Alan se calza unas chanclas y abandona su dormitorio. Baja las escaleras silbando. Atraviesa el salón y sale de la casa por una de las siete puertas de cristal que dan al jardín principal. Allí están abrazados Davinia y un chico muy alto, que tiene una de sus enormes manos en el culo de su prima, a la que besa en el cuello.
—Siento interrumpir —dice, después de toser para anunciar su presencia.
La pareja se separa y lo observan con fastidio.
—¿Ya empezamos? ¿Qué quieres? —protesta Davinia.
—¿No nos presentas?
La chica suspira. Aquel estúpido ya ha estropeado el primer momento pasional del fin de semana.
—Bruno, este es mi primo francés, Alan.
—Encantado —dice el chico, estrechándole la mano.
—¡Uau! No me aprietes demasiado porque con ese tamaño podrías destrozarme.
Bruno no acoge demasiado bien la broma y enseguida se separa de él, para centrarse de nuevo en la parte trasera del
short
de Davinia, a la que rodea con su larguísimo brazo.
—Ya te he presentado. Y ahora, ¿puedes dejarnos solos, que vamos a tomar un rato el sol?
—Lo siento, prima. Tengo otros planes.
—¿Qué?
El chico se quita las chanclas, deja la toalla en una silla y, sin decir nada más, se lanza de cabeza a la piscina. Bucea hasta la mitad y saca la cabeza, apartando su rubio pelo de la cara.
—¡Está buenísima! —grita, nadando hacia atrás—. ¿Por qué no os dais un baño?
—¡Eres odioso! Te he dicho que nos dejaras solos.
—Vamos, prima... No te enfades. El agua está genial. Daos un baño conmigo. Además, qué mejor sitio que una piscina para perder la virginidad.
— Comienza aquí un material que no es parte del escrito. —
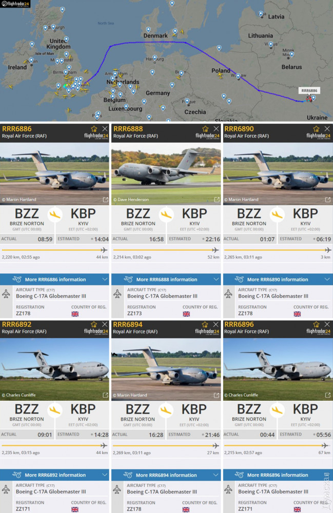 Интересно, что британские самолеты направляются в Украину, не заходя в воздушное пространство Германии — очевидно, правительство ФРГ отказалось санкционировать такие полеты.

Davinia enrojece de ira y de vergüenza. No puede creer lo que su primo acaba de decir. Se gira y contempla a Bruno, que se ha quedado perplejo.
—¡Capullo! ¡Eres un maldito capullo! —exclama enfurecida la chica desde el borde de la piscina.
Quiere matarlo. Y van dos veces en la misma mañana. Fuera de sí, alcanza las chanclas de Alan y se las tira, intentando darle sin éxito.
—¡Era una broma! No te preocupes, Bruno. Mi prima es toda una experta.
Davinia arroja también la toalla verde a la piscina. Y un cenicero de plástico. ¡Menudo fin de semana que le espera! ¡No es justo! Ella, que lo llevaba preparando todo desde hace un mes...
Entonces se enciende un piloto rojo situado en una de las paredes y suena un timbre. Es el sistema que los padres de Davinia han instalado para enterarse de que alguien está llamando a la puerta cuando están en el jardín.